Anthony discovered her kidneys were failing three years ago when she decided to go on a voluntary detoxification programme and for a while she kept healthy by restricting her diet and turning to alternative health practices such as acupuncture and homeopathy.
But eight months ago, a month after her honeymoon, the bubbly blonde’s health took a turn for the worse and she had to start regular dialysis three times a week. She is on the waiting list for a kidney transplant but has no idea how long she will have to wait.
‘I have only been on dialysis for eight months and some people that I meet there have been on dialysis for eight years. People need to realise how easy it is to donate and that it is not a risk to someone’s life,’ Anthony said.
Husband Jason Anthony said she was extremely positive although her blood type, B- negative, was one of the rarest and it is not easy to find a match.
‘I give her all the support she needs. Other people just have different problems and this is just what we are having to deal with right now. We have both been positive from the beginning and have no doubt we will resolve it one way or another,’ he said.
Anthony hopes to have a happy ending such as Tina Beckbessinger (35), who had heart and bi-lateral lung transplants five years ago.

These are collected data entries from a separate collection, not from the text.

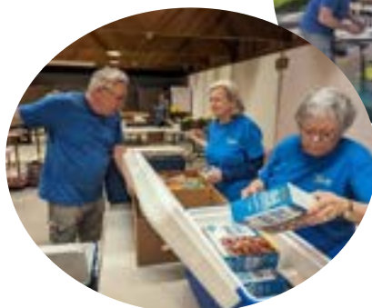
Bénévoles en action au comptoir alimentaire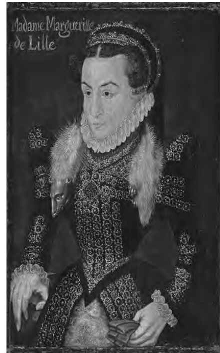
Рис. 10. Маргарита де Лілля

1 – гумовий накат на підошві; 2 – сучасний ватин у амортизуючих прокладках обладунків; 3 – пластикова пахова раковина під час проведення спортивних змагань з певними вимогами безпеки; 4 – синтетичний шнур чи нитки, нержавіючий дріт під час оперативного ремонту спорядження; 5 – використання сучасних антикорозійних і очищувальних засобів, за умов неможливості їх візуальної фіксації; 6 – використання сучасних клеючих і фарбуючих засобів за умови їх прихованого застосування (крім спеціально обумовлених випадків, дозволеного використання стилізованих предметів); 7 – використання сучасних (природних) каліброваних ниток за умови їх прихованого застосування; 8 – застосування спеціальних застілок і супінаторів для взуття, а також бандажів і пов'язок за медичними показаннями. Матеріали, які використані під час відновлення комплексу,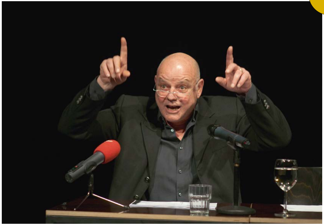
Böck liest Bauer Theater am Lend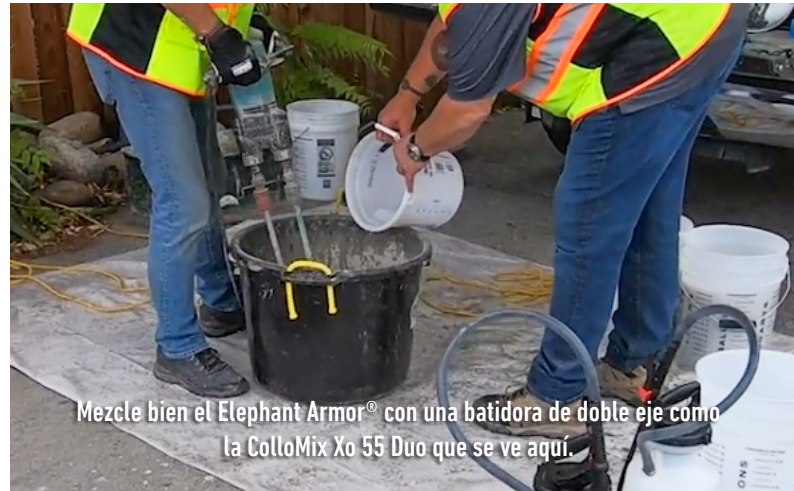
Mezcle bien el Elephant Armor® con una batidora de doble eje como la ColloMix Xo 55 Duo que se ve aquí.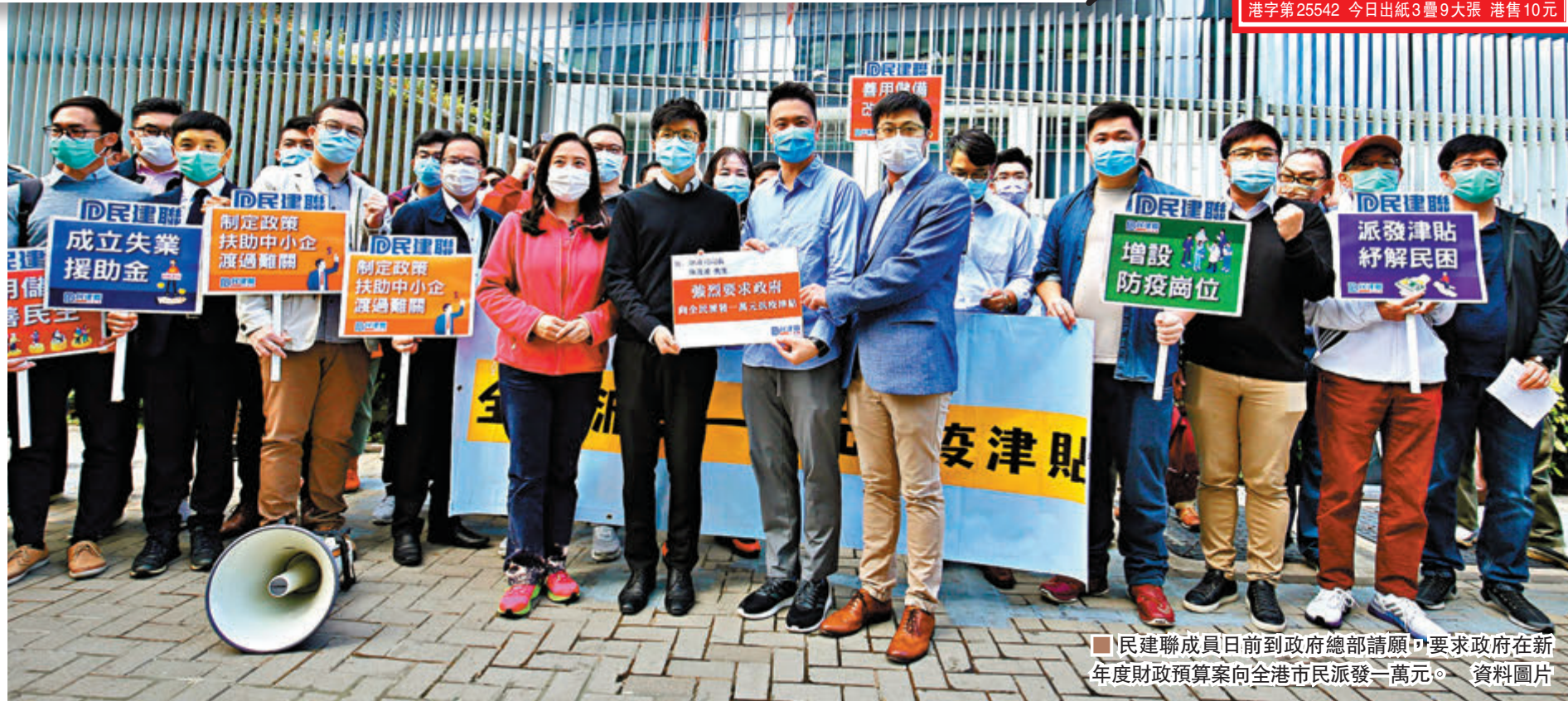
民建聯成員日前到政府總部請願，要求政府在新年度財政預算案向全港市民派發一萬元。資料圖片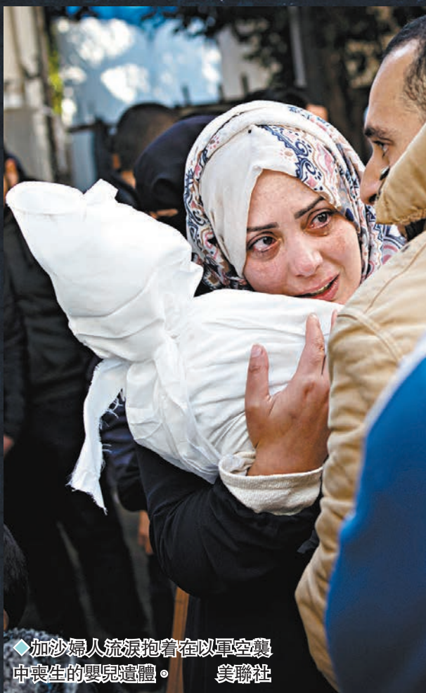
◆加沙婦人泣淚抱着在以軍空襲中喪生的嬰兒遺體。

Glan指出，英國高院的判決與國際共識不同步。荷蘭法院上周以違反國際法和人道法為由，下令荷蘭政府在7天內停止向以色列供應F-35戰機零件。在以軍開始攻擊加沙後，意大利和西班牙已停止所有對以色列的武器出口。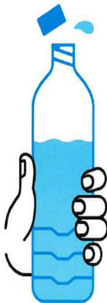
JE BOIS RÉGULIÈREMENT DE L'EAU

En période de canicule, quels sont les bons gestes?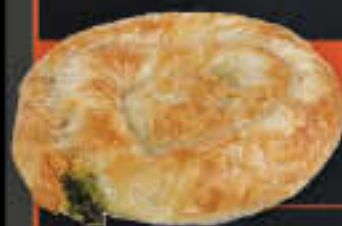
Schnecke mit Spinatfüllung (Art.-Nr. 0633)

Gewicht = 220 g Einheiten pro Karton = 45 Stück (9,90 kg) Kartons pro Palette = 64 Stück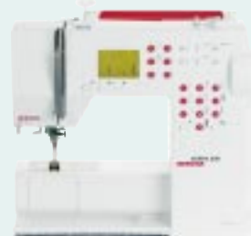
activa 230 BERNINA®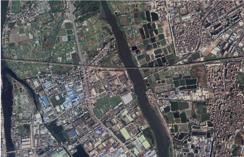
Image 1- Patchwork d'urbanisation et d'agriculture intensive dans l'agglomération du delta de Canton

Source : GoogleEarth (22.86N, 113.64E), Juin 2019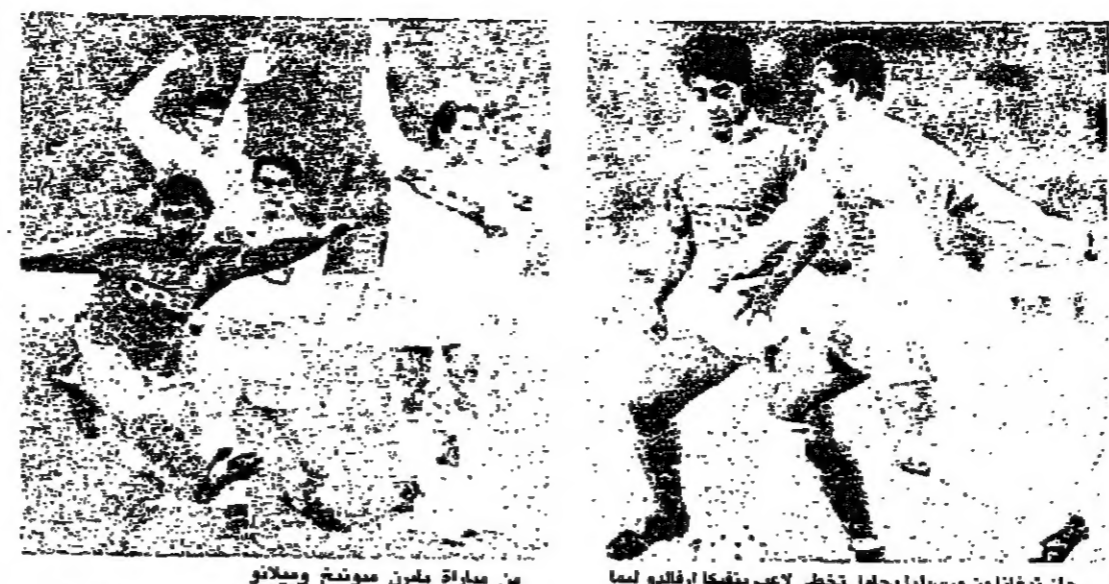
جان نيغمان من مرسلينا يحاول تخفي لاعب بيفيكا ارفانو لينا من مباراة بيلين ميونخ وميلانو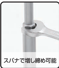
スパナで増し締め可能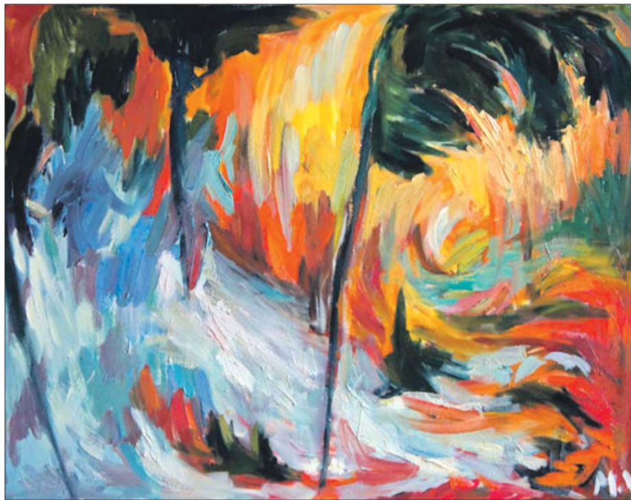
Их работы находятся в музеях и частных коллекциях во многих странах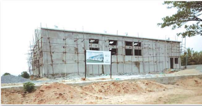
Construction of Kitchen work in progress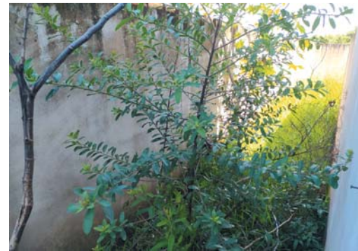
Obra de construção da UBS no Rosentina ficou paralisada por sete anos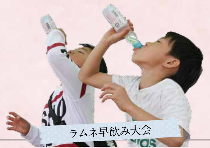
ラムネ早飲み大会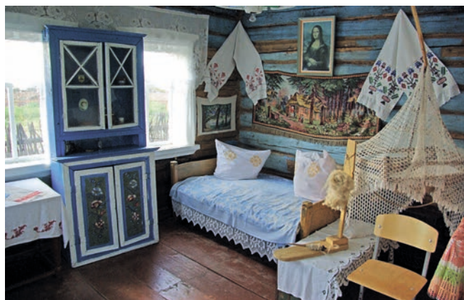
«Мари ызбасы» этномәдәни комплексы.

яңа ел чыршысын иң матур бизәү буенча республика конкурсында жиңү яулаганнар. Кардан скульптуралар белән бизәлгән бәйрәм майданыннан тыш, авылдагы күп кенә утарларда да кар сыннар куелган.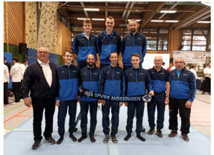
Das erfolgreiche Männerteam stieg in die Landesliga auf

Beim Bezirksliga-Endkampf der jeweils beiden Erstplatzierten der Gruppen Nord, Mitte und Süd in der Nürtinger Theodor-Eisenlohr-Halle gelang den Mössinger Turnern ein unerwarteter Erfolg. Mit 253,55 Punkten siegte die Spvgg knapp vor dem Gruppenfavoriten SV Dotternhausen (251,55) und dem TV Wetzgau III (251,50). Abweichend von der Vorrunde wurde beim Endkampf ohne Streichnote mit nur vier Turnern am Gerät geturnt. Dieser Umstand kam der Spvgg entgegen, da sie an keinem Gerät einen groben Einbruch zu verzeichnen hatte. Da dieses Ergebnis gleichzeitig in die Aufstiegs-Relegation einfluss, hat sich Mössingen auch souverän den Aufstieg in die Landesliga gesichert, die ab der Saison 2024 strukturell auf zwei Gruppen aufgeteilt wird.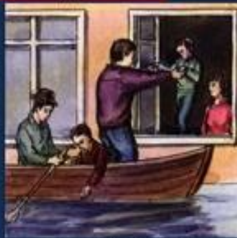
В первую очередь из зоны затопления вывести детей.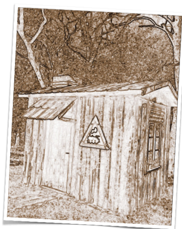
Schuurtje achter in de tuin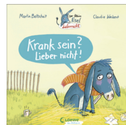
Der kleine Esel Lieber nicht - Krank sein? Lieber nicht!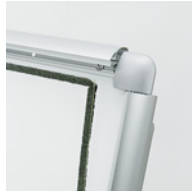
防水テープ付き 透明版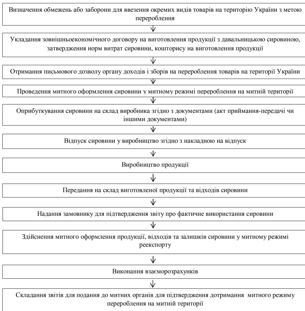
Рис. 1. Алгоритм імплементації толінгових операцій

Як і будь-яка діяльність, толінгові операції є процесом, що складається з певних етапів. Алгоритм імплементації толінгових операцій зображено на рис. 1 [13].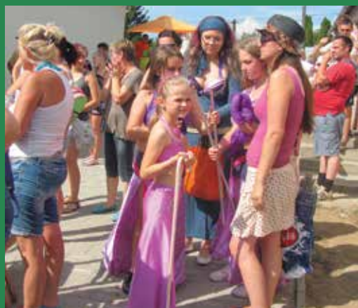
Tündérek a mesejátékból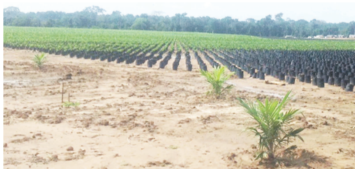
Pépinière de la palmeraie

Le président de la République, Denis Sassou N'Gusso a lancé officiellement, hier, le projet de plantation d'une palmeraie développé par la société malaisienne Atama Plantation. Situé entre la localité de Yengo, dans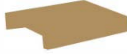
1 adet küçük boy raf ( B )

Beckbessinger was born with three holes in her heart, a missing valve and narrowed arteries and before her transplants was permanently on oxygen and spent eight to 20 hours of the day sleeping, too exhausted and sick to move. She waited two and a half years for her transplants.
But now, five years later, she is living the life of her dreams and even cycled the Cape Argus last year.
Beckbessinger said she was grateful to her 17-year-old donor for ‘enabling me to have a normal life and do things I had only ever dreamed of lying in bed, such as walking up a flight of stairs and being able to do my long hair which I had shaved off because I couldn’t do it myself,’ she said.
Beckbessinger believes her life was spared for a purpose and as a motivational speaker she aims to spread the word about the need for organ donors at schools and business gatherings.